Its voice was like the sough of a night wind through the tilted stones of a deserted graveyard. It curdled Gwyn's blood and made her look all the more intently at the escape offered in the contents of that small medicine bottle.
“I could open your window,” the apparition said. “Straight down under it is a flagstone walk. If you jumped —”
Gwyn ignored the whispering voice and rose onto one elbow, leaned out and grasped the bottle of tablets. She took the cap off and shook out one pill. It was white, very shiny and hard; she supposed she could take it even without water. She put it in her mouth, after gathering saliva, and swallowed it.
“Sleeping pills?” the ghost asked.
Gwyn lay back.
The ghost took the bottle out of her hand. “Yes, dear, this would also be a good way to do it.” She took a second pill out and held it up to Gwyn's lips.
Gwyn kept her mouth pressed tightly shut, biting into her lower lip so hard that she thought she would soon draw blood if she weren't more careful.
“Dear Gwyn, it would be much less painful than jumping from the window or drowning in the sea.
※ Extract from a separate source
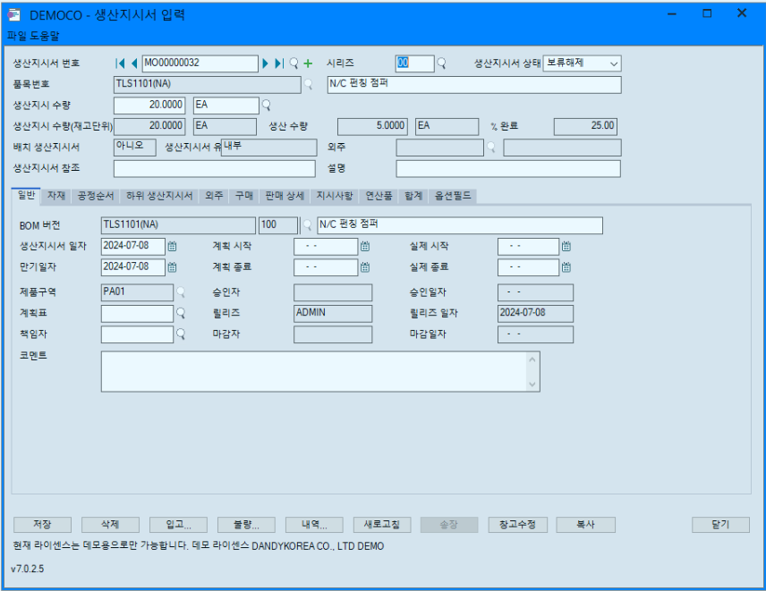 ⛳생산지시서 마스터 화면에는 일반 정보 외에도 다음과 같은 상세 탭이 제공됩니다.

Just a long sleep leading into an even longer sleep…”
Though she knew that this was only an hallucination, had to be, Gwyn was not about to open her mouth and accept the tablet, even if it were imaginary.
“Say, a dozen of them,” the ghost said. “If you could manage to swallow only a dozen of them, that ought to do the trick.” She pushed the pill against Gwyn's lips.
Gwyn turned her head.
“Perhaps you'd like a glass of water to take it with,” the specter said, rising. She put the bottle and the tablet on the nightstand and went into the bathroom.